Prompt Configuration
The secret weapon for seamless tool adoption by AI agents.
Why Prompts Matter
The prompt you configure in your AI agent (via agents.md or claude.md) plays a critical role in the ecosystem. A well-crafted prompt is the difference between:
❌ Without proper prompt: - "Use semantic search to find this" - "Search with parallel semantic search for that" - Constantly reminding the agent to use the tools - Friction in every interaction
✅ With proper prompt: - Agent naturally uses semantic search when appropriate - Understands when to use parallel vs single queries - Knows when to use refined answers vs raw results - Seamless integration that feels native

Agent naturally planning to use semantic search as part of its workflow - guided by the prompt, not by explicit user instruction
In the example above, you can see the agent: - Thinking proactively about semantic search access - Updating task status before performing the search - Planning the workflow with todos that include semantic search - No manual reminders needed - the prompt taught it to use the tool
The Problem: Tool Adoption
AI agents have access to many tools, but they don't automatically know when to use them. Without proper guidance in the prompt:
- Agents default to basic file reading instead of semantic search
- They might miss using commit history search
- They won't leverage parallel queries for complex questions
- Tools remain underutilized despite being available
The prompt is what teaches the agent to adopt the tools as part of its natural workflow.
What a Good Prompt Does
A well-designed prompt for this ecosystem should:
1. Define When to Use Semantic Search
The agent needs to understand semantic search is not just "another search" - it's the primary way to understand your codebase:
- Use semantic search for "how does X work?"

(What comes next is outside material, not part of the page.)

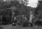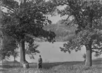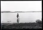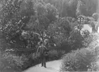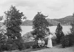 En pojke sitter på ett verandaräcke, bredvid honom står en kvinna med armen om pojken, Villa Klippan, Gustavsberg

- Use it to find implementation patterns
- Use it to understand architecture
- Use it before reading files manually
2. Guide Parallel vs Single Search Strategy
The agent should know:
- Single query for specific, targeted searches
- Parallel queries for complex, multi-faceted questions
- When to use
refined_answer=Truefor analysis - When raw results are sufficient
3. Teach Commit History Search
Commit history is not just git log - it's semantic understanding of your codebase evolution:
- Search commits to understand "why" decisions were made
- Find similar past implementations
- Learn from previous refactorings
- Understand evolution of features
4. Integrate with the Workflow
The prompt should make tools feel like native capabilities, not external add-ons:
- Check
.codebase/state.jsonto know indexing status - Use semantic search before grep/file reading
- Leverage indexed commits for historical context
- Understand the relationship between indexer, search, and workflow
Prompt Structure
A good prompt for this ecosystem should include:
Project Context Section
- What the project is about
- Tech stack and conventions
- Current goals/tasks
Tool Usage Guidelines
- When to use semantic search (always prefer it)
- How to use parallel queries (complex questions)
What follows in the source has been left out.